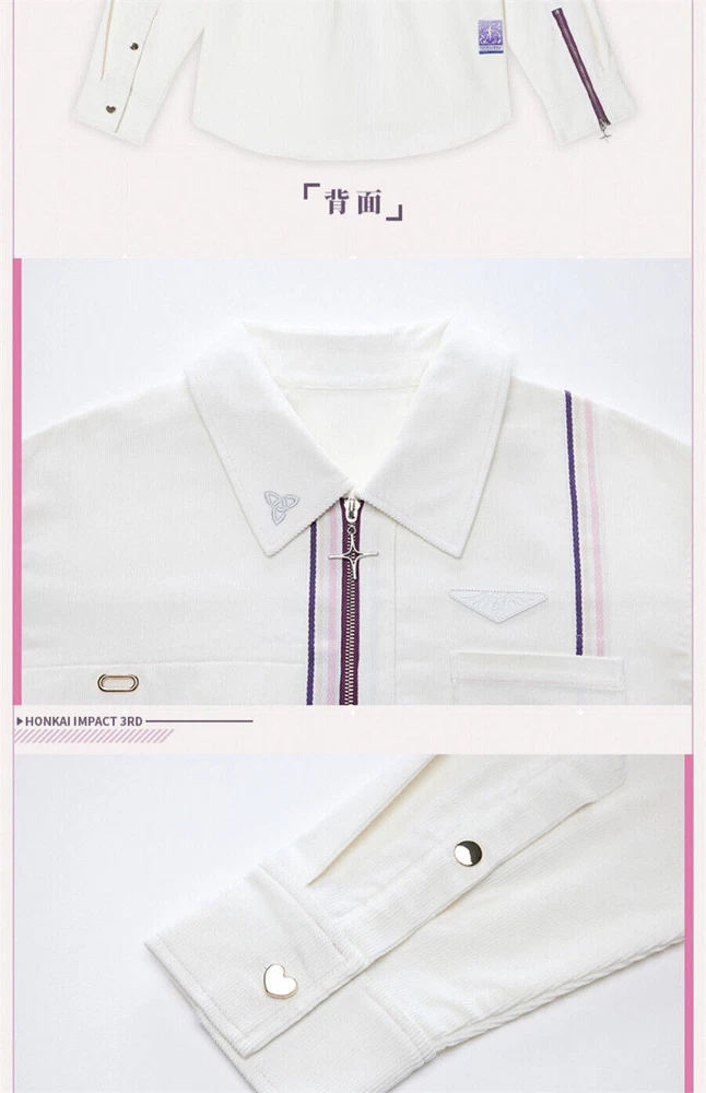 Outer Shell Material: Cotton Country/Region of Manufacture: China Style: Overshirt Occasion: Cosplay Size Type: Regular Department: Unisex Adults Brand: Unbranded Theme: Anime Character Family: Honkai Impact 3 Season: Spring, Fall Type: Jacket Closure: Zip Character: Elysia Sleeve Length: Long Sleeve
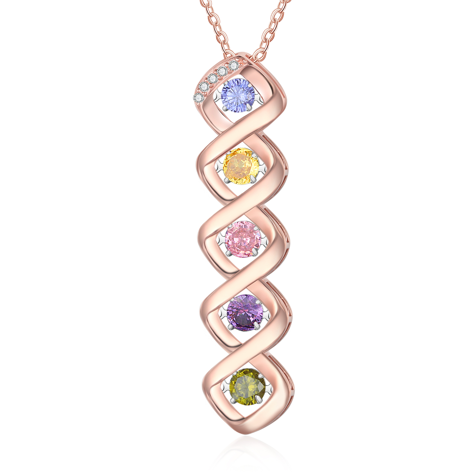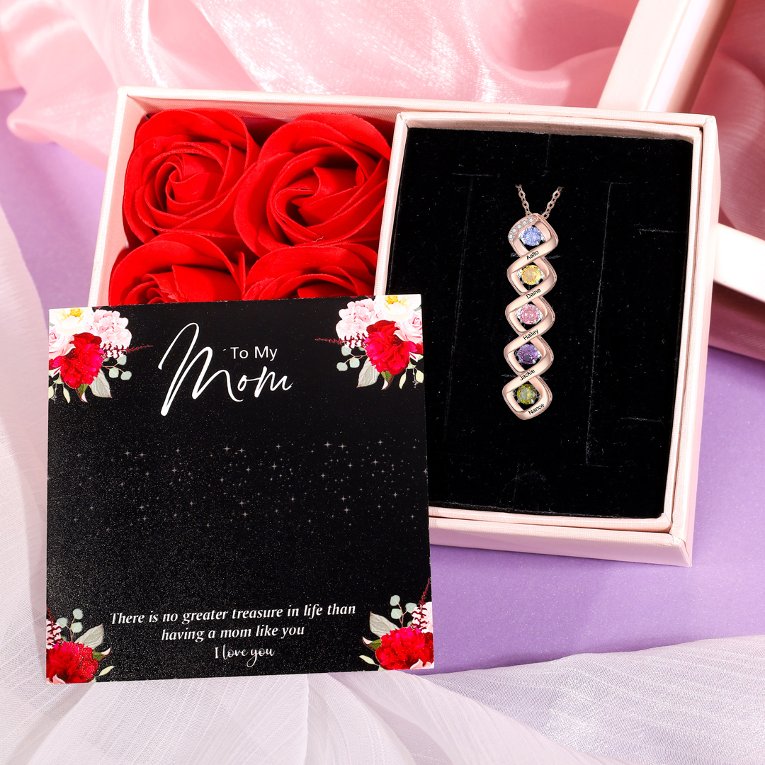 Custom Family Necklace With 5 Birthstones Set With Rose Gift Box Engraving Names Dancing Stone Necklace
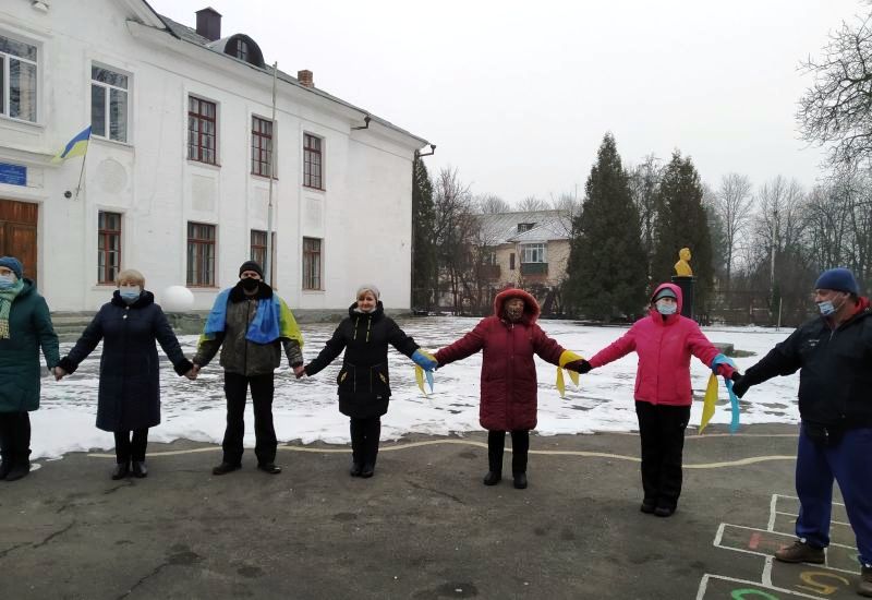 З нагоди Дня Соборності України сьогодні міський голова Олександр Заборовець, секретар міської ради Алла Чорнобай, представники структурних підрозділів виконкому та працівники закладів освіти створили «ланцюг єднання», як символ непорушності українських земель та спільної волі всіх українців жити в єдиній соборній державі.
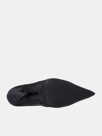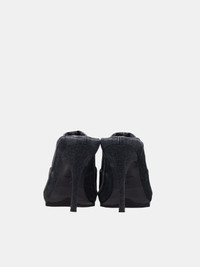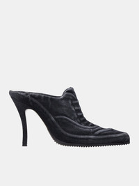 DIESEL mules in black, mule design, paneled denim construction, faded detailing, slip-on, open back, stiletto heel, pointed toe, rubber tread. 100% Cotton European Sizing

■ ■ ■ ■

> [INSTRUCTIONS FOR THE TASK]
The output has to match the data above line for line, except that pictures are dropped.

> [WRITTEN RESPONSE]
 Outer Shell Material: Cotton Country/Region of Manufacture: China Style: Overshirt Occasion: Cosplay Size Type: Regular Department: Unisex Adults Brand: Unbranded Theme: Anime Character Family: Honkai Impact 3 Season: Spring, Fall Type: Jacket Closure: Zip Character: Elysia Sleeve Length: Long Sleeve
 Custom Family Necklace With 5 Birthstones Set With Rose Gift Box Engraving Names Dancing Stone Necklace
 З нагоди Дня Соборності України сьогодні міський голова Олександр Заборовець, секретар міської ради Алла Чорнобай, представники структурних підрозділів виконкому та працівники закладів освіти створили «ланцюг єднання», як символ непорушності українських земель та спільної волі всіх українців жити в єдиній соборній державі.
 DIESEL mules in black, mule design, paneled denim construction, faded detailing, slip-on, open back, stiletto heel, pointed toe, rubber tread. 100% Cotton European Sizing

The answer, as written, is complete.